1. **Create Benchmark Module**
   ```rust
   // src/benchmarks/mod.rs
   pub mod data_generator;
   pub mod query_suite;
   pub mod metrics;
   pub mod runner;
   ```

2. **Implement Data Generators**
   - Use existing generator functions
   - Create realistic data distributions
   - Save as benchmark fixtures

3. **Run Baseline Benchmarks**
   - Execute full suite
   - Generate performance report
   - Create flamegraphs

4. **Start Quick Wins**
   - Implement string interning improvements
   - Add early termination for LIMIT
   - Measure impact

## Appendix: Profiling Commands

```bash
# CPU Profiling
cargo build --release
perf record --call-graph=dwarf ./target/release/sql-cli bench
perf script | inferno-flamegraph > flamegraph.svg

# Memory Profiling
valgrind --tool=massif ./target/release/sql-cli bench
ms_print massif.out.<pid> > memory_profile.txt

# Benchmark Execution
cargo bench --bench sql_benchmarks

# Quick Performance Test
time ./target/release/sql-cli data.csv -q "SELECT COUNT(*) FROM data"
```

## Conclusion

Our goal is not to build a general-purpose OLAP engine, but rather to ensure the SQL CLI provides responsive, predictable performance for interactive data exploration up to 100K rows.
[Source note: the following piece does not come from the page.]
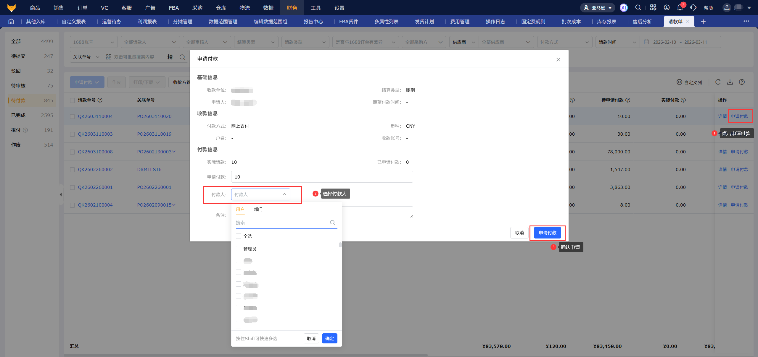 ③请款单申请付款支持选择付款人,付款人可以在付款单页面筛选“待我付款”查看本人需要付款的付款单
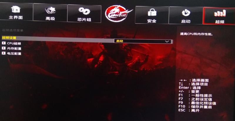 超頻主界面。需要將“超頻設置”改為啟動模式后,下面的超頻設置才會生效。

By focusing on the most common query patterns and implementing targeted optimizations, we can achieve excellent performance within our design constraints.

The benchmark suite will give us quantitative metrics to guide optimization efforts and ensure we don't regress as we add features. The modular approach allows us to tackle improvements incrementally while maintaining stability.